If the DPD method is to be used as a reference, then the iodide process is exploited. The water sample is added by potassium iodide. Existing ozone forms hypoiodous acid. The hypoiodous acid acts on the dye N-diethyl-p-phenylenediamine.

But bound chlorine and bromine bonded act similar to potassium iodide to form hypoiodous acid. The 3 sources bromine, chlorine and ozone thus form at the end hypoiodous acid. How much of the ozone can be attributed, can not calculatable.

In this case, the DPD method display via the photometer “any” cause of hypoiodous acid plus the hypochlorous and hypobromous acid. Most likely no ozone is present in the sample.

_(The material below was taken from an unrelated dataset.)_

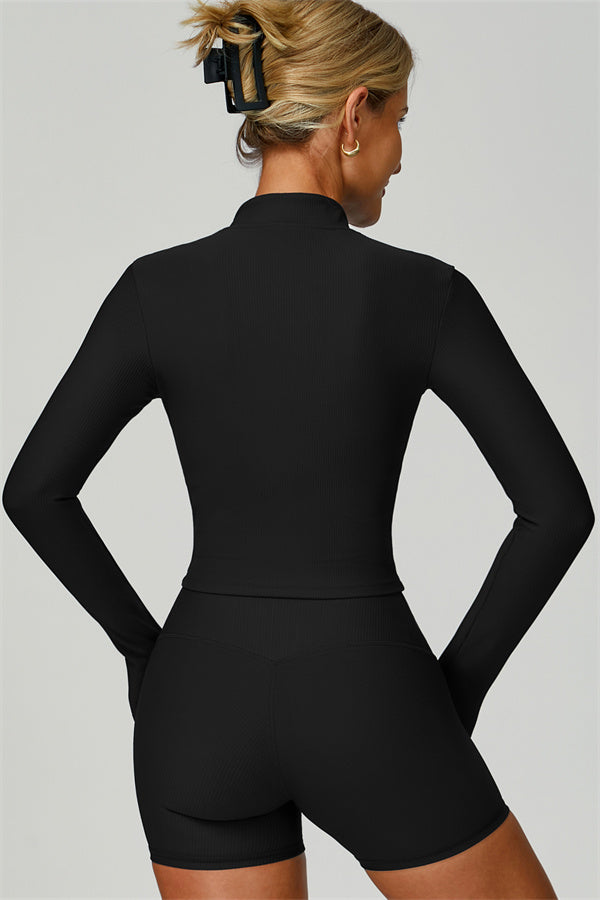 Potenzia i tuoi allenamenti e le avventure all'aperto con il Set Burst, un trio versatile progettato per stile, supporto e comfort. Questo set coordinato include una giacca slim-fit, un reggiseno sportivo con scollatura quadrata che esalta la figura e pantaloni corti a vita alta realizzati in morbido tessuto riciclato a coste traspirante.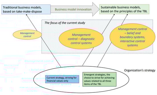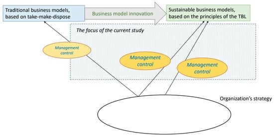 This paper focuses on management control as the processes by which organizations translate their strategic choices into business model innovation (Figure 1). Management control is relevant to enable business model innovation, both for adjusting existing business models and for establishing new ones. The shift to new and sustainable business models for the achievement of multiple values is relevant and meaningful for manufacturing companies, especially for resource- and energy-intensive industries [3]. The current paper presents empirical evidence from the construction industry, which is generally known for the massive use of virgin materials and energy [6], for instance.

A good membrane-covered sensor shows ONLY the ozone in the sample. Although ozone is dosed, it is within a few milliseconds no ozone present. The sensor will show nothing! Are these relationships not known, the error is sought in the sensor and not with the chemical ignorance of the process .

For the DPD method substitute the Indigo trisulfate method could show better results for the concentration of free ozone. On the sensor side, one can try, to recognize the disinfecting effect with a bromine-sensor.